Sometimes that didn't work!
There is the famous instance of Barry Letts asking for all 5 episodes of 'The Daemons' to be kept as an example of Dr Who of the time, but 4 VT episodes vanished, leaving Episode 4 on it's original VT plus film prints of all episodes too albeit in B & W. (Wasn't there a 90 min compilation held too?)
I think the Series 2 Dad's Army episodes disappeared due to David Croft being on holiday!(How did the 2 early It Ain't Half Hot Mum episodes end up getting wiped?)
Here's another question. Would a producer of the time, being aware of the various restrictions, space, cost, Equity rules etc, if he kept too much of his material, be penalised(for want of a better word) for unofficially breaking a rule? Did each producer have a set limit what could be kept in the archive of their material?
IIRC, someone from the Doctor Who Restoration Team asked Barry Letts in regards to saving The Daemons & I think he said he didn't ask for them to be saved.

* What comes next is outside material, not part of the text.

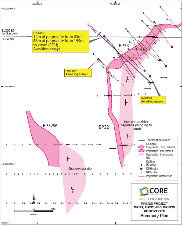 ASX:CXO) ("Core" or the "Company") is pleased to announce that an 86m continuous intersection comprising spodumene pegmatite has been drilled at the BP33 Prospect within Core's 100%-owned Finniss Lithium Project near Darwin in the NT.

As for the randomness of episodes going missing, it seems as if there was just a "grab & destroy" policy of deleting the tapes, especially when it came to Doctor Who, for example Episodes 2,3,5-8 survive of The Invasion yet 1 & 4 went missing, you then get odd episodes like Evil Of The Daleks (Episode 2 of 7 is the only surviving one) & The Faceless Ones with only episodes 1 & 3 of 6 surviving. It seems like there was no real agenda as to which tapes were wiped.
As for Equity, their rules were that any programme recorded could only be repeated once & had to be done within three years of the original transmission, reason being that equity thought that if they were repeated more than once outside those three years then it would effect actors jobs, etc. Ironic how in this day & age the same bunch of actors are used & programmes are repeated to death (I'm looking at you Dave).
It was a combination of Equity, costs of tape & space that resulted in the junking of episodes of programmes. In Doctor Who's case it could have all been avoided, had there had been better communications between the BBC Archives in London & BBC Enterprises. IIRC Enterprise junked their copies, once the international sales opportunities had been exhausted, in the miss-belief that the BBC Archives in London had every copy safely in their vaults. Oddly enough when the BBC were clearing out Villiers House in August 1988, when they came across Episodes 1 & 4-5 of The Ice Warriors, however where Episodes 2 & 3 have gone remains a mystery.